Four of Low Life's biggest stars appear over Brains' beats on You Know Who You Are. Their unbusy bounce makes a perfect canvas for displays of verbal skill from Rodney P and Farma G, the Riddim Killa and Matchmaker each strewing their sixteen bars with trademark phrases for the fanboys.  Mystro is most inventive, adapting Phife Dawg's opening lines from Scenario: "Stro knows this, and Stro knows that, the party isn't started if the Stro don't rap". I do have a worry though. What with You Know Who You Are, Taskforce's Phi-Life collab Who's This? (Zebra Traffic) and Skinnyman's Banger Who? Me, also featured here, I start to wonder whether all British rappers suffer from identity crises?  Braintax seems to have it sorted on Just Me, last heard on Skitz's Homegrown blend: "Straight talking, pay me now there's no credit, I'm from up north, half of these Londoners don't get it".

Asaviour and Jehst have similarly spartan requirements – Money In The Bank. While that tune shows a more upbeat side of the high plains drifter, the compilation would hardly be complete without one of the classics that made his name. The bleak, wheedling trudge of City Of Industry shows why he is "the quintessential outlaw". No other hip hop artist can touch Jehst's curiously effective un-celebration of being "numb", "uninspired".

As his gloom dissipates, a dramatic change of pace as UK hip hop godfather Rodney P lets you know you're "Now rocking with the best y'all". The original Big Tings We Inna switches up the style, The Sea's skanking guitar and rolling dub echoes a breed apart from the majority of the production here. The mood has to shift again, and moves from a reggae tip to Harry Love's laid-back jazzy sensibilities on Showbitchness. A nice UK companion piece to a tribe called quest's showbusiness, Harry and Verb T's indictment of the fame game reworks Annie Get Your Gun on the chorus: "There's no bitches like show bitches in showbusiness".

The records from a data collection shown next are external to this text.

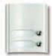
Art. 8A52 Modul mit 2 Ruf Tasten
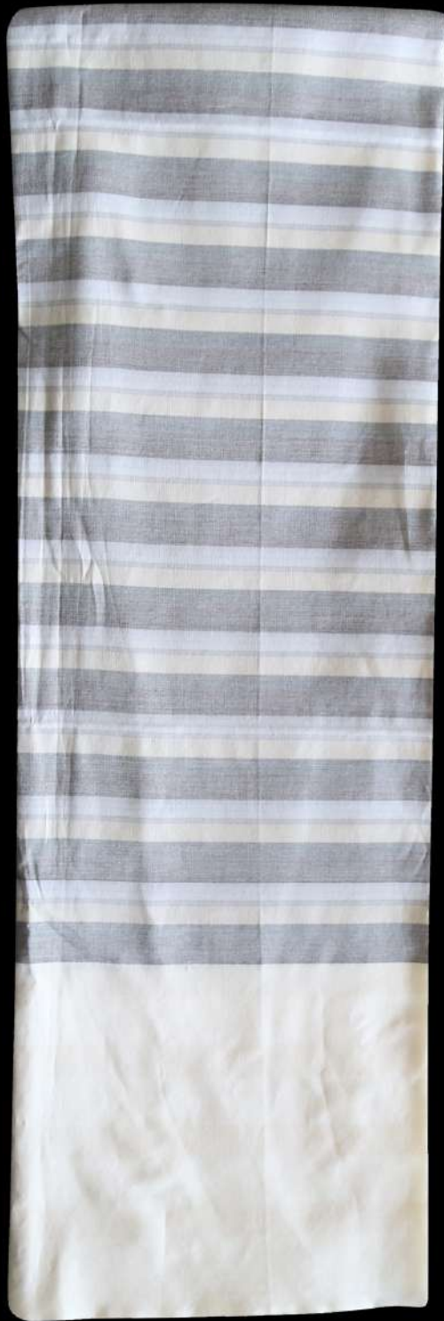
ผ้าขาวม้า
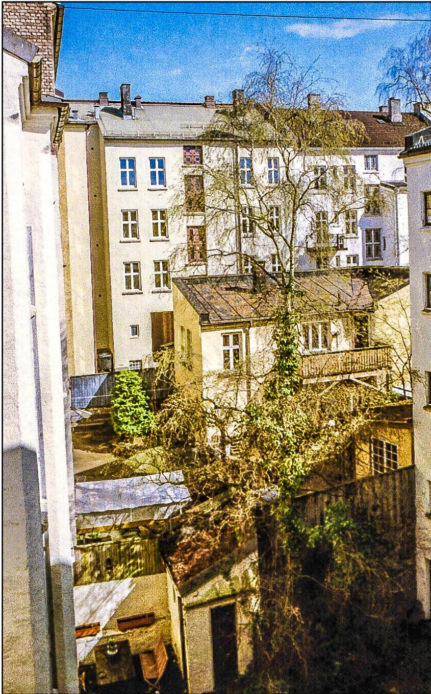
Figur 24.8. Typisk indre av et 1890-års-kvartal i Kristiania, her fra nederst i Sofies gate. Hjørnegården, der bildet er tatt fra kjøkkenvinduet i en tre værelses leilighet i fjerde etasje, hadde også en sideoppgang med seks små to værelses leiligheter. Hovedoppgangen hadde bottetoaletter i oppgangen, mens avtrede for sideoppgangen var det lille huset nederst i bildet. WC ble lagt inn i 1946 og bad senere. Leiegården helt bakerst til høyre har "do-tårn" med toaletter utenfor trappeoppgangen. Nabogården som vi ser litt av nærmest til høyre, var bygd for et annet marked. Den besto av fire herskkelige leiligheter med en tjenerfløy bakover som vi skimter i høyre bildekant. Bygningen midt inne i kvartalet har huset forskjellige håndverksbedrifter.
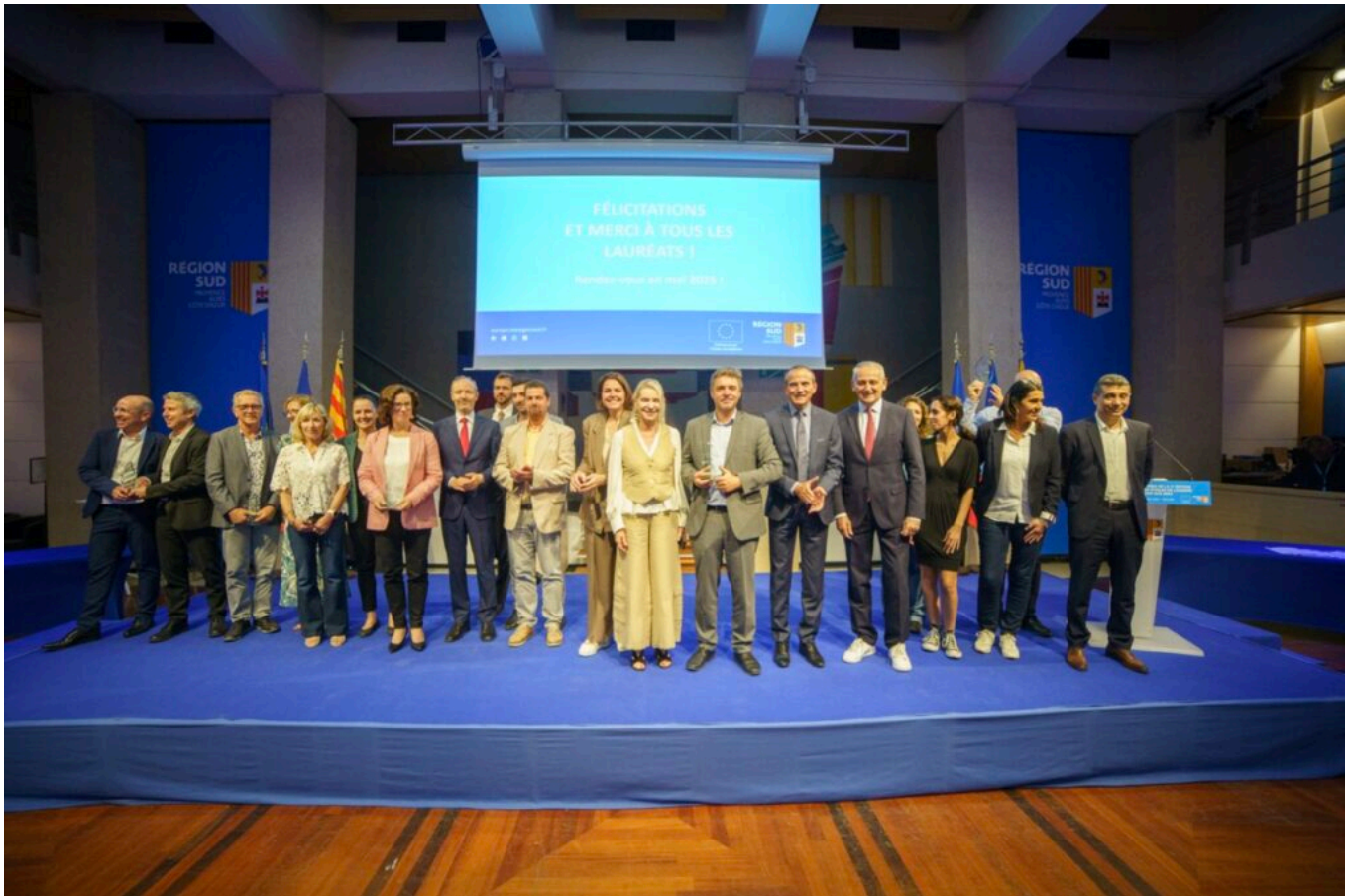
Les lauréats.

Parmi les lauréats cette année, on compte notamment l'exploitation Saint Félix, basée à Cavailon, qui est arrivée en haut du classement pour la catégorie 'Biodiversité'. Son projet, qui a aussi reçu le Prix spécial du jury, se base sur l'acquisition et l'installation de filets mono-rangs anti-insectes sur ses pommiers, afin de protéger les cultures sans avoir recours aux pesticides, tout en préservant la biodiversité. Le projet présente d'autres avantages tels que la réduction des traitements, de la consommation d'eau, des passages de tracteurs et donc leurs émissions de gaz à effet de serre.
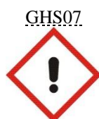
Akut toxicitás 4. kat
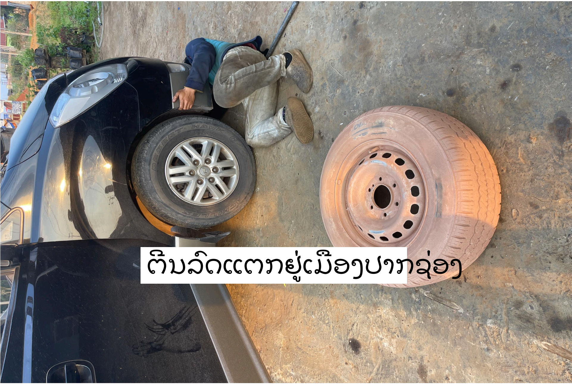
ຕົນລົດແຕກຢູ່ເມືອງປາກຊ່ອງ
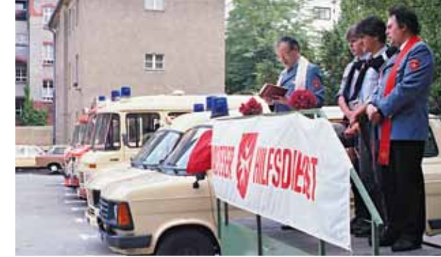
1986: Einweihung der neuen Diözesangeschäftsstelle in der Alten Feuerwache in Berlin Charlottenburg
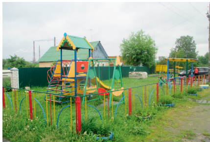
Детская площадка в д. Ратмирово
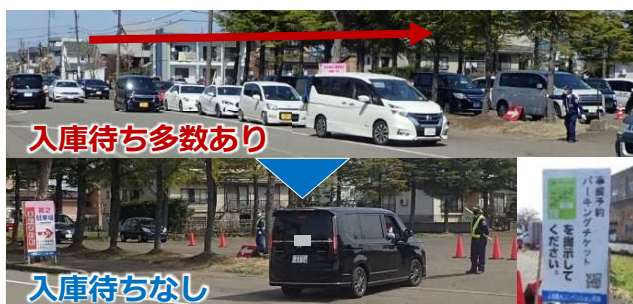
写真1. 例年との入庫待ち状況の違い
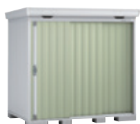
JG ジェードグリーン
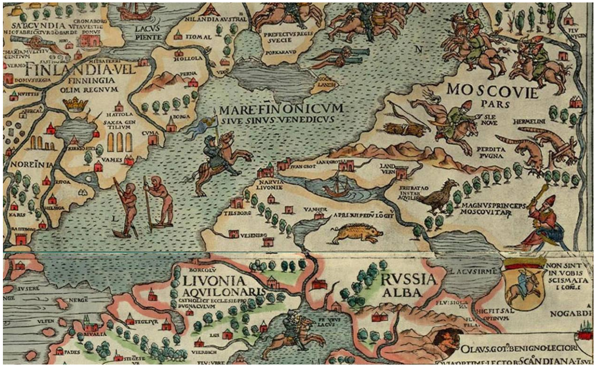
Рис. 5. Карта 1459 года

В 1796 году образована Белорусская губерния с центром в Витебске. В её состав вошло 16 уездов Полоцкого и Могилёвского наместничеств Российской империи: Белицкий, Велижский, Витебский, Городокский, Динабургский, Люцинский, Могилёвский, Мстиславский, Невельский, Оршанский, Полоцкий, Рогачёвский, Себежский, Сенненский, Чаусский и Чериковский. В 1802 году она делится на две губернии и преобразуется в Белорусское генерал-губернаторство 77 .
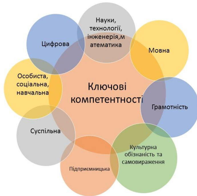
Рис. 1.1. Ключові компетентності учня ЗПТО.

Критерії оцінювання якості професійної освіти надзвичайно важливі для успішного освітнього процесу. Стан реалізації даних критеріїв оцінювання в закладах професійної освіти України наведено в додатку Б.
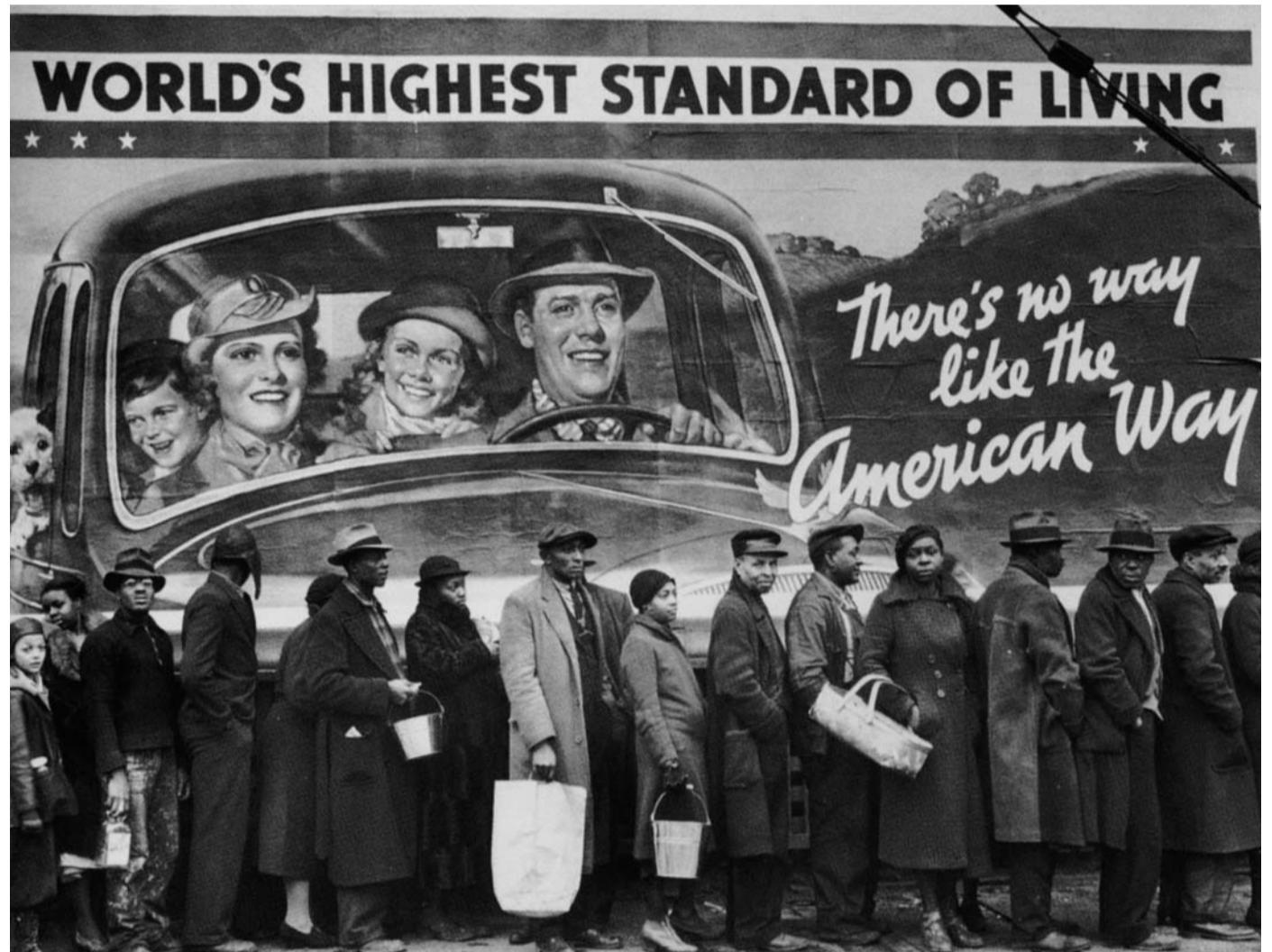
De armoede van de zwarte bevolking zorgde voor achterstand, segregatie en criminaliteit.

CRIMINOLOGICAL PERSPECTIVES ON RACE AND CRIME (SECOND EDITION) door Shaun L. Gabbidon. Routledge. New York/Londen 2010. 282 pag. € 46,50
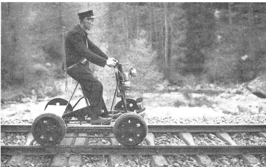
Eine Draisine erleichtert dem Streckenwärter zum Teil die Kontrollgänge.
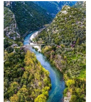
Ο Καλαμάς και γέφυρα που συνδέει την Οσδίνα με την Μπυλιάνη.
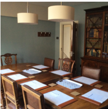
Ystafell Bwyllgor Tom Jones

Am fanylion llogi unrhyw ofod, cysyllter â Swyddfa Pantyyfedwen: 01970 612806 / post@jamespantyyfedwen.cymru
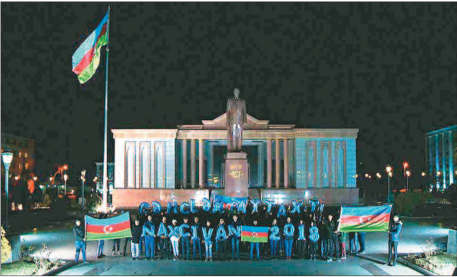
1998-ci il avqustun 12-də Portuqaliyanın paytaxtı Lissabon şəhərində gənclərlə iş sahəsində keçirilən beynəlxalq konfransda hər il avqustun 12-nin dünyada "Gənclər Günü" kimi qeyd olunması qərara alınmışdır. Həmin tarixdən etibarən Beynəlxalq Gənclər Günü Azərbaycanda da qeyd olunur.

Sağlam gənc nəslin yetişdirilməsi hər bir ölkə üçün əsas məsələdir. Çünki ölkənin gələcəyi, müqəddəratı gənclərdən asılıdır.
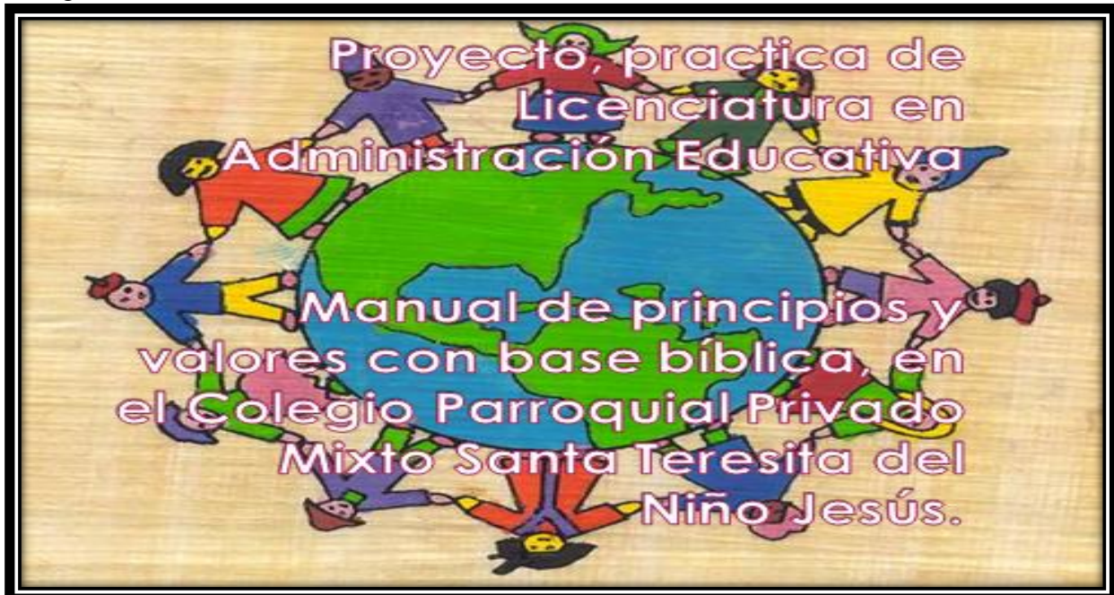
Portada del Manual
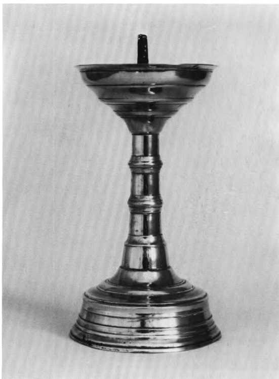
Fig. 17. Sengotisk alterstage, nu uden fødder (s. 1231). NE fot. 1979. - Late Gothic candlestick.

skafringe. Tragtformet lyseskål med lysepig af jern. - Syvarmet stage , fra o. 1900, såkaldt Ttusstage, nu på højt skafft. Ved fonten.
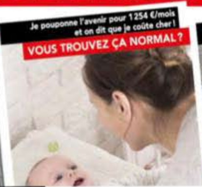
Je pouponne l'avenir pour 1254 €/mois et on dit que je coûte cher! VOUS TROUVEZ ÇA NORMAL ?
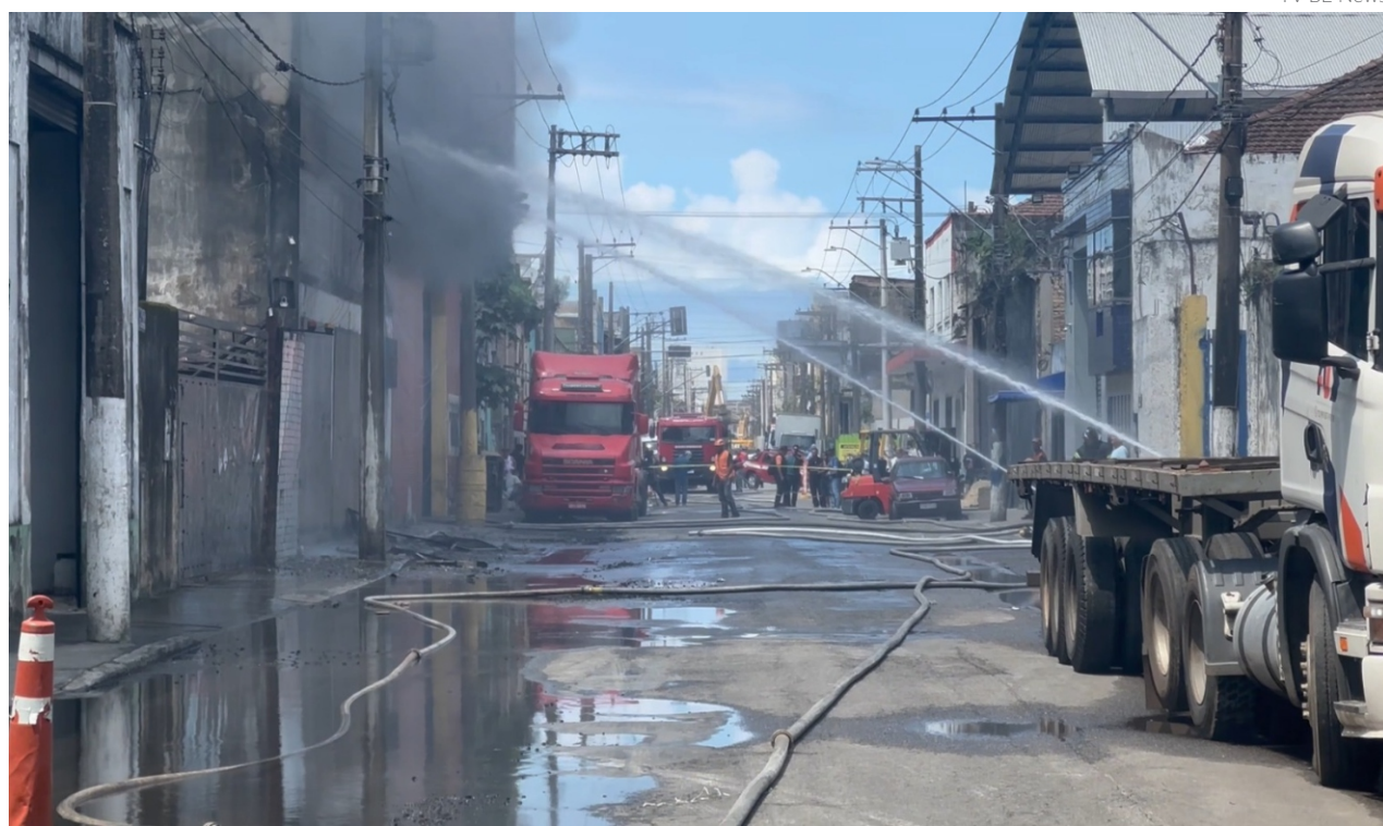
Os bombeiros trabalham em três linhas de frente, visando conter o fogo que deu origem ao incêndio, e também evitar que novos focos de incêndio ocorressem dentro do galpão

Segundo o Corpo de Bombeiros, o depósito pertence à empresa Dínamo Inter-Agrícola, mas era utilizado pela Recei-
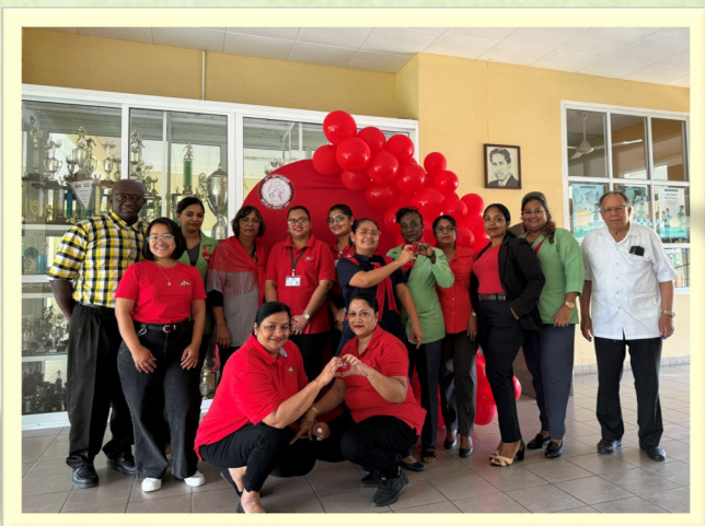
MMC Hearts Initiative voor een gezonder hart
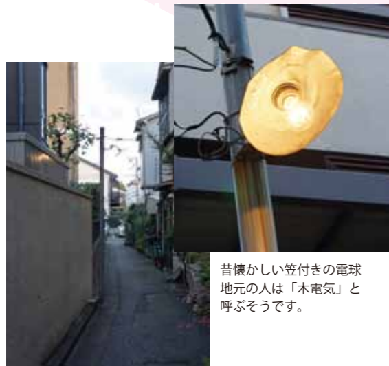
昔懐かしい笠付きの電球 地元の人々は「木電気」と 呼ぶそうです。
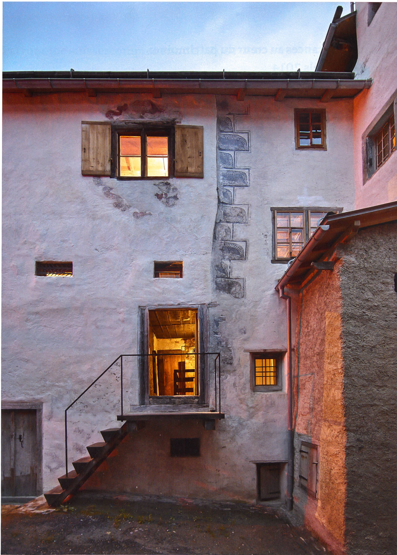
Depuis la fin octobre 2014, Vacances au cœur du patrimoine propose la location de la Turalihus de Valendas (GR), remise en état dans les règles de l'art par les architectes Capaul & Blumenthal.
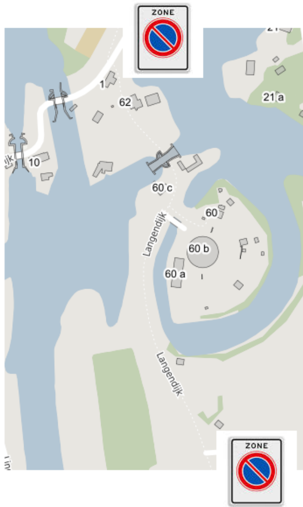
Langedijk Acquoy, parkeerverbod zone
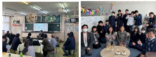
地域連携協働室オープン

生徒の探究的な学びを広く地域と繋げるために開設されました。来年度はさらに活動を広げていきますので、保護者の方からもよい企画がありましたらお寄せください。

The highest of the highlights comes at the beginning though, the "cloud-stepping" Lewis Parker track Life And Breath. It's from the EP '98 Series Part 1, and very much in the vein of his beautiful Masquerades And Silhouettes album. The mantra "life... breath" repeats under mesmeric twinkling marimba as Parker, Braintax and Supa T trade rhymes in harsh-accented soft voices. By some margin the oldest track on the album, this bedroom recording is incontrovertible proof of how far ahead of his time Parker was – in the vanguard of the movement which has turned into today's UK hip hop scene. Eight years ago, who could have guessed we'd be inna such big tings?